**Problem statement**:
Starting with the line that has "玄関先からガウガウしながらも、チャッチャカ歩くマロンとポッキー。" in the records below and ending with the line that has "Climate-related infrastructure costs", output those lines exactly and nothing more; omit the pictures.

Dataset excerpts:
☆ ☆ ☆
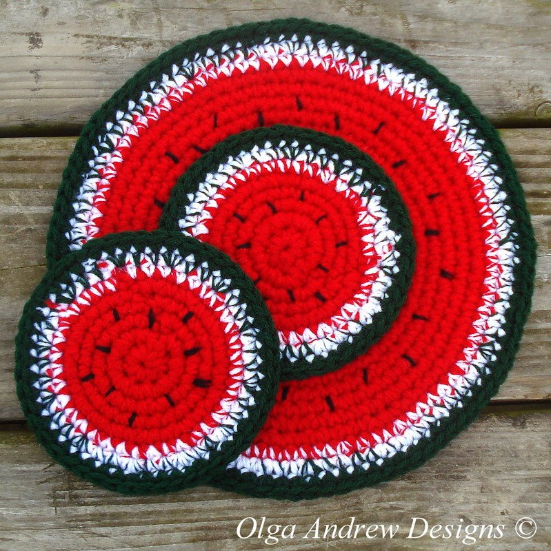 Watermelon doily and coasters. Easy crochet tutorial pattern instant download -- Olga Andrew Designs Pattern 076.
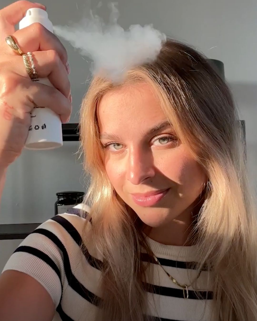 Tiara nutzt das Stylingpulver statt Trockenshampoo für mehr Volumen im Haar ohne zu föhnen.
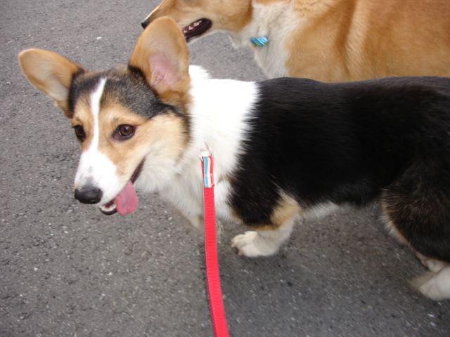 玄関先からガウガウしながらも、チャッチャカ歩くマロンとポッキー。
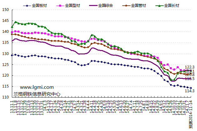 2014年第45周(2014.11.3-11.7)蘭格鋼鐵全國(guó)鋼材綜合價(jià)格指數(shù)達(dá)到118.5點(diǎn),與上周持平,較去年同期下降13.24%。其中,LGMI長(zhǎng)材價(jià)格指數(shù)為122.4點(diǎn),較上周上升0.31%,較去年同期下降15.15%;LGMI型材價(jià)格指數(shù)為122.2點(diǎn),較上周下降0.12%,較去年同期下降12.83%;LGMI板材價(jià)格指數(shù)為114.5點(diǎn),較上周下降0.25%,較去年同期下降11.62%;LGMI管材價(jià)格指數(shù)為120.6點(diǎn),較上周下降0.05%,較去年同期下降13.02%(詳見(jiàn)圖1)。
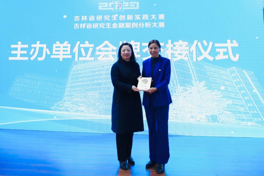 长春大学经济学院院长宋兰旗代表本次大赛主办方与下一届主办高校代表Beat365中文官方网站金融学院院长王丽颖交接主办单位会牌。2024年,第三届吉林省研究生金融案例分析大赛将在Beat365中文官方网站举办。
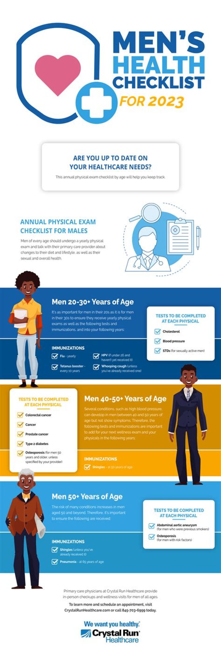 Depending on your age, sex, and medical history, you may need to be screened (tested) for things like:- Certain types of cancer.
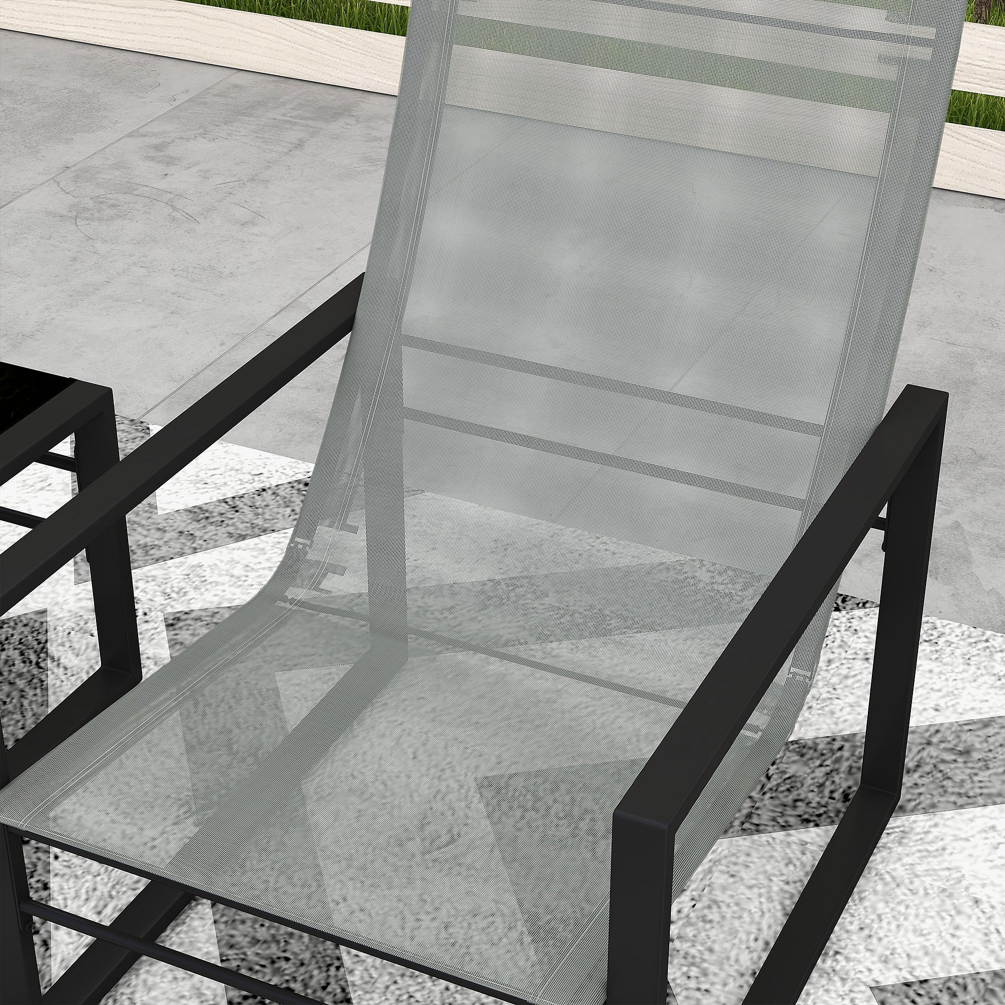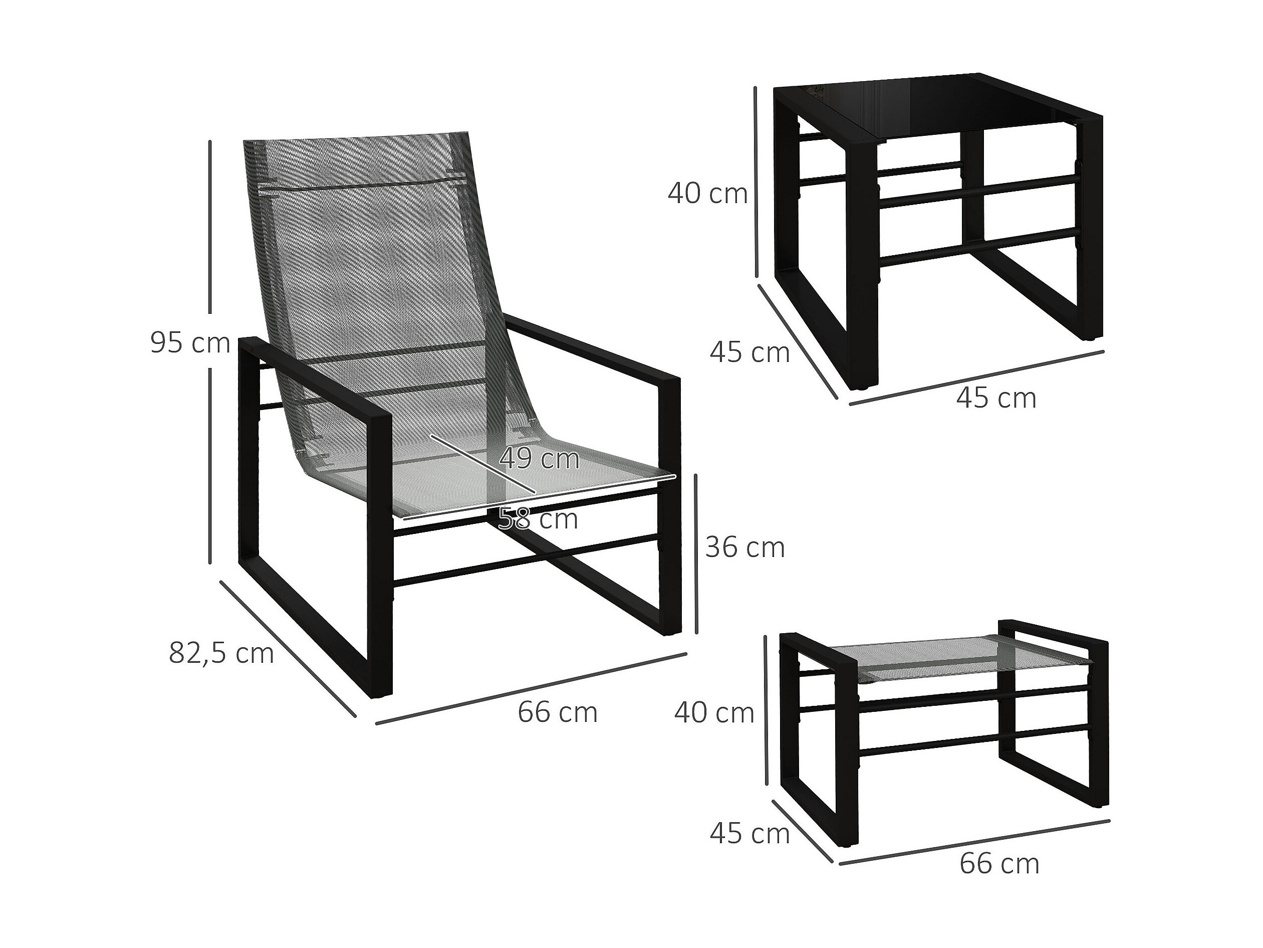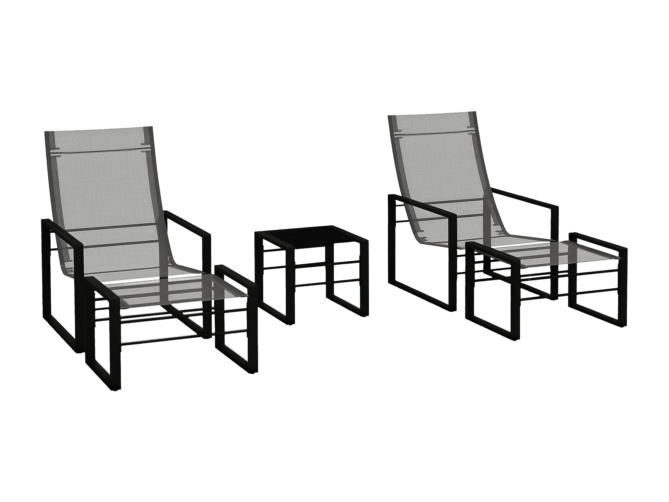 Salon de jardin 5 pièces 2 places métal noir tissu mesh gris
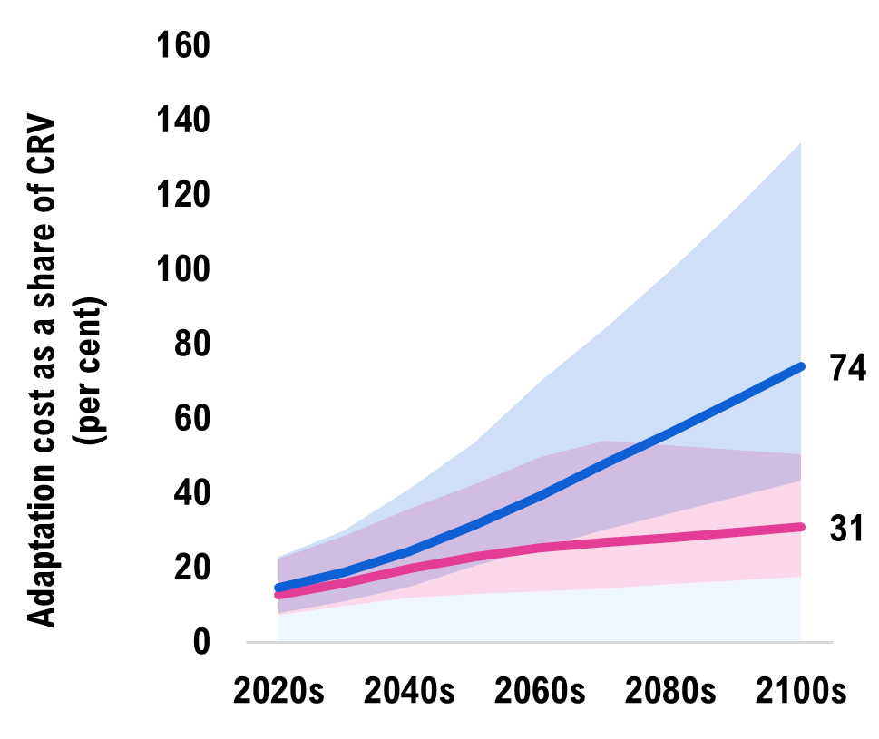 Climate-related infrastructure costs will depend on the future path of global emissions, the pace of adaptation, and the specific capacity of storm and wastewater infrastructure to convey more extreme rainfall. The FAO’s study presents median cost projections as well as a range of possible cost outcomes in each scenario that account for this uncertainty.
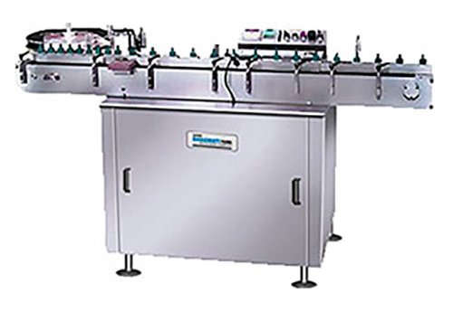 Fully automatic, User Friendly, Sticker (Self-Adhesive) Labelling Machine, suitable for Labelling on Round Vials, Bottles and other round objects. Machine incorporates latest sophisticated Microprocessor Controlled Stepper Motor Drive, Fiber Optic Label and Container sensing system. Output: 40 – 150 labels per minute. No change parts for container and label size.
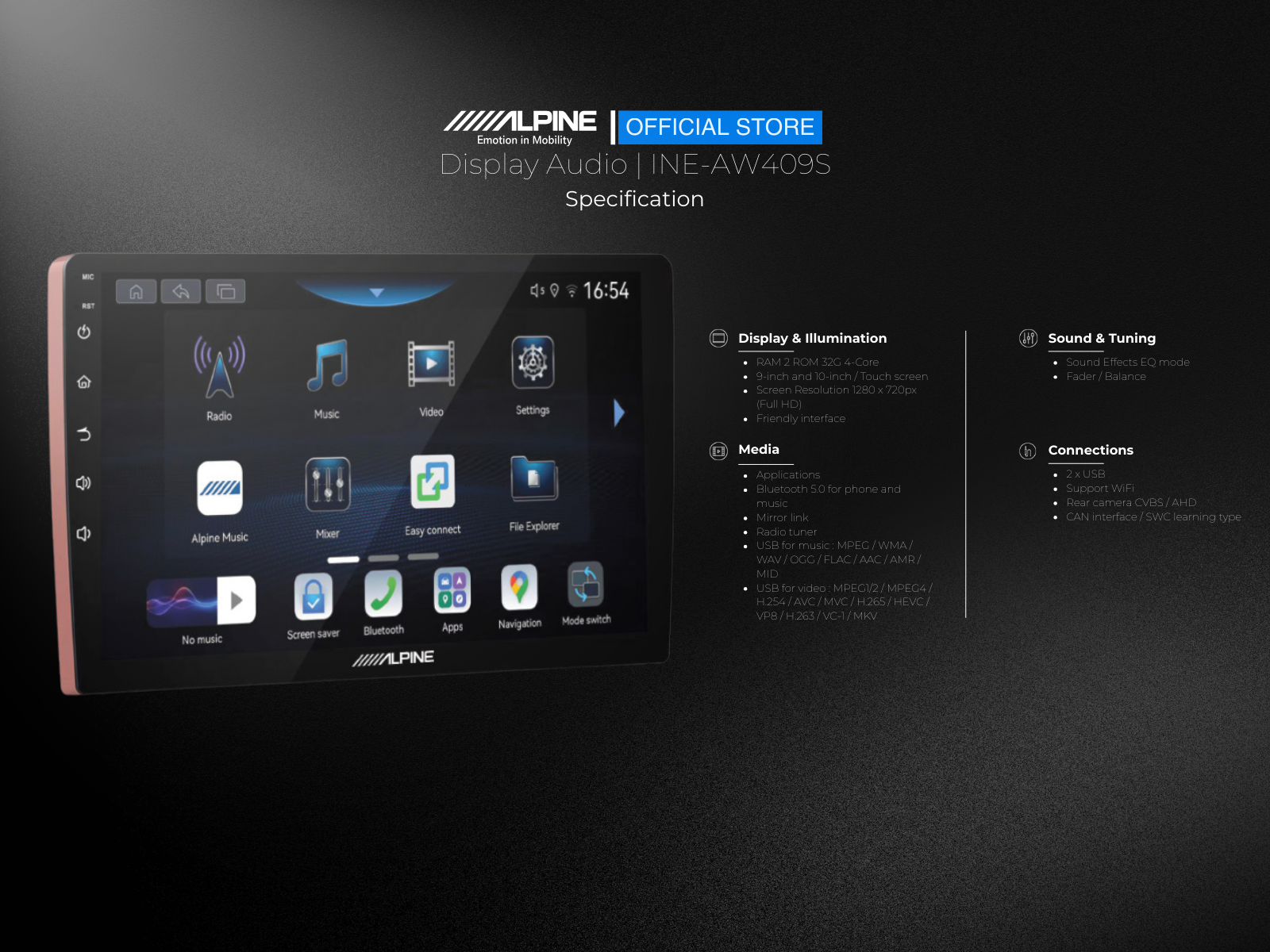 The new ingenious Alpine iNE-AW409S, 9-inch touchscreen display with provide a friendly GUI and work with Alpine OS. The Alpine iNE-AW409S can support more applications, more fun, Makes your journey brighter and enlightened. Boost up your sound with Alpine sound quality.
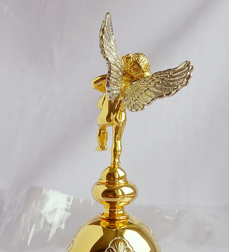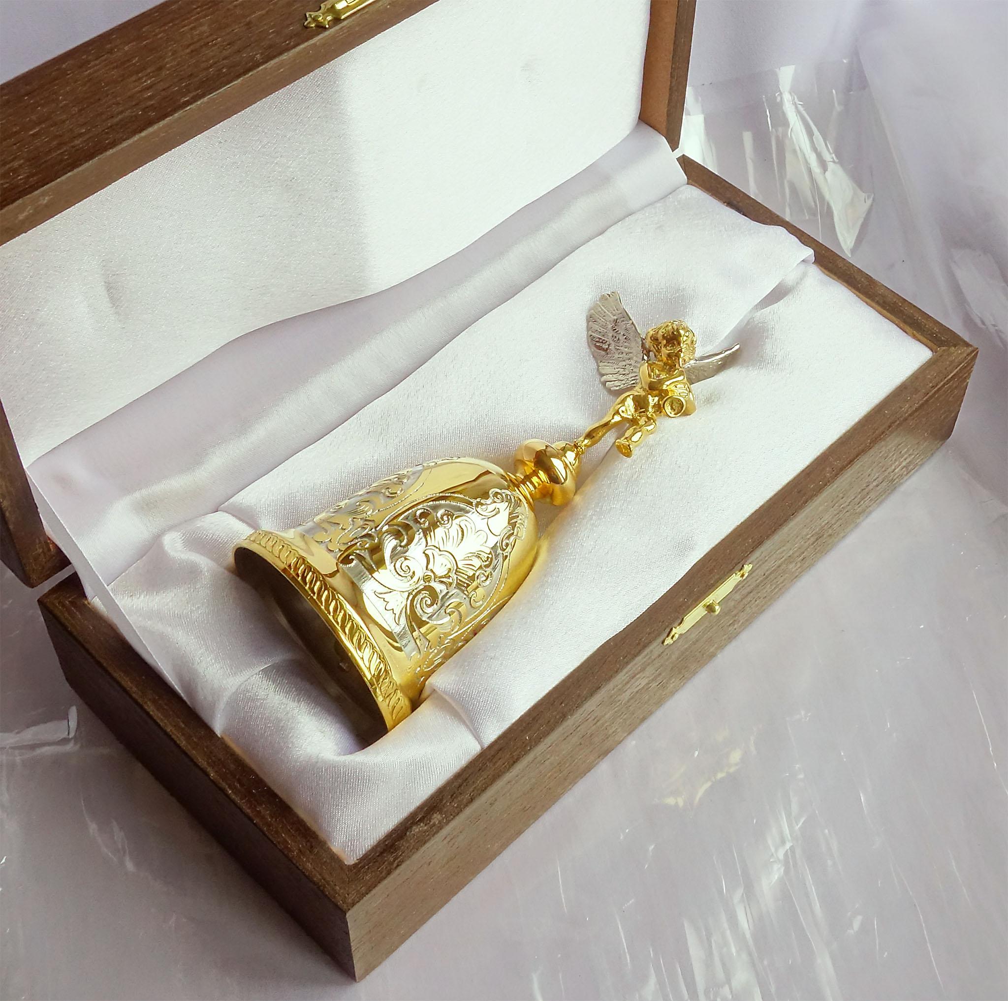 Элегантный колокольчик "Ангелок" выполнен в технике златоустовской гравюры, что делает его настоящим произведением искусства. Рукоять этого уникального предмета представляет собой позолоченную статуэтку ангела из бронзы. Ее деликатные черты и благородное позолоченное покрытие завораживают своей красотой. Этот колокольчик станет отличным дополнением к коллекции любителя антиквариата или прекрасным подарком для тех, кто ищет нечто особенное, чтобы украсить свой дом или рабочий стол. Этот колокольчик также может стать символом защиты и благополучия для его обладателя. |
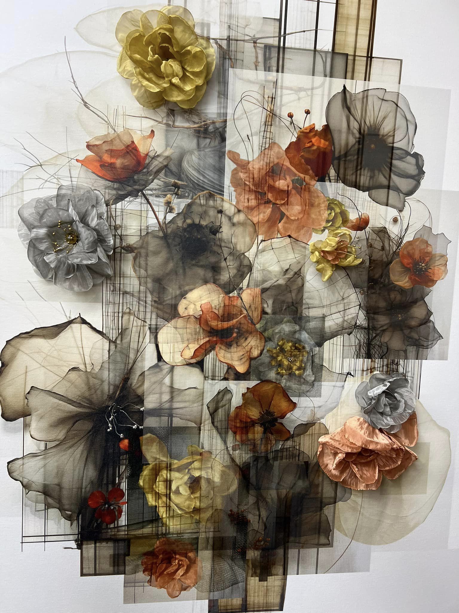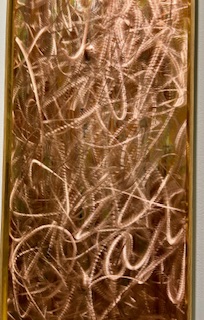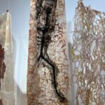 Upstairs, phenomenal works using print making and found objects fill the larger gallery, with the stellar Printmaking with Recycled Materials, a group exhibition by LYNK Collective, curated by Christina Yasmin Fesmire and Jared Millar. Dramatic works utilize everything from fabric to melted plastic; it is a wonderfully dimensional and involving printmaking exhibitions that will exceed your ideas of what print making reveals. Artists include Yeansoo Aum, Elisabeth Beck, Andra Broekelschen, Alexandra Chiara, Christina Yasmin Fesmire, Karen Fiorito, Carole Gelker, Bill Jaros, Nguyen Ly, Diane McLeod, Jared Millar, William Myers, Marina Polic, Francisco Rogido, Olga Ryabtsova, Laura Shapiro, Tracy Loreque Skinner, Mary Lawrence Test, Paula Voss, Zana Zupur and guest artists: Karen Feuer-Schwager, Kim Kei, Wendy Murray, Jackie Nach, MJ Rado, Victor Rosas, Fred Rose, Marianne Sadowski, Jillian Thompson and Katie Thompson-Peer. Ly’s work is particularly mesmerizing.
☆ ☆ ☆
**Completed task**:
 玄関先からガウガウしながらも、チャッチャカ歩くマロンとポッキー。
 2014年第45周(2014.11.3-11.7)蘭格鋼鐵全國(guó)鋼材綜合價(jià)格指數(shù)達(dá)到118.5點(diǎn),與上周持平,較去年同期下降13.24%。其中,LGMI長(zhǎng)材價(jià)格指數(shù)為122.4點(diǎn),較上周上升0.31%,較去年同期下降15.15%;LGMI型材價(jià)格指數(shù)為122.2點(diǎn),較上周下降0.12%,較去年同期下降12.83%;LGMI板材價(jià)格指數(shù)為114.5點(diǎn),較上周下降0.25%,較去年同期下降11.62%;LGMI管材價(jià)格指數(shù)為120.6點(diǎn),較上周下降0.05%,較去年同期下降13.02%(詳見(jiàn)圖1)。
 长春大学经济学院院长宋兰旗代表本次大赛主办方与下一届主办高校代表Beat365中文官方网站金融学院院长王丽颖交接主办单位会牌。2024年,第三届吉林省研究生金融案例分析大赛将在Beat365中文官方网站举办。
 Depending on your age, sex, and medical history, you may need to be screened (tested) for things like:- Certain types of cancer.
 Salon de jardin 5 pièces 2 places métal noir tissu mesh gris
 Climate-related infrastructure costs will depend on the future path of global emissions, the pace of adaptation, and the specific capacity of storm and wastewater infrastructure to convey more extreme rainfall. The FAO’s study presents median cost projections as well as a range of possible cost outcomes in each scenario that account for this uncertainty.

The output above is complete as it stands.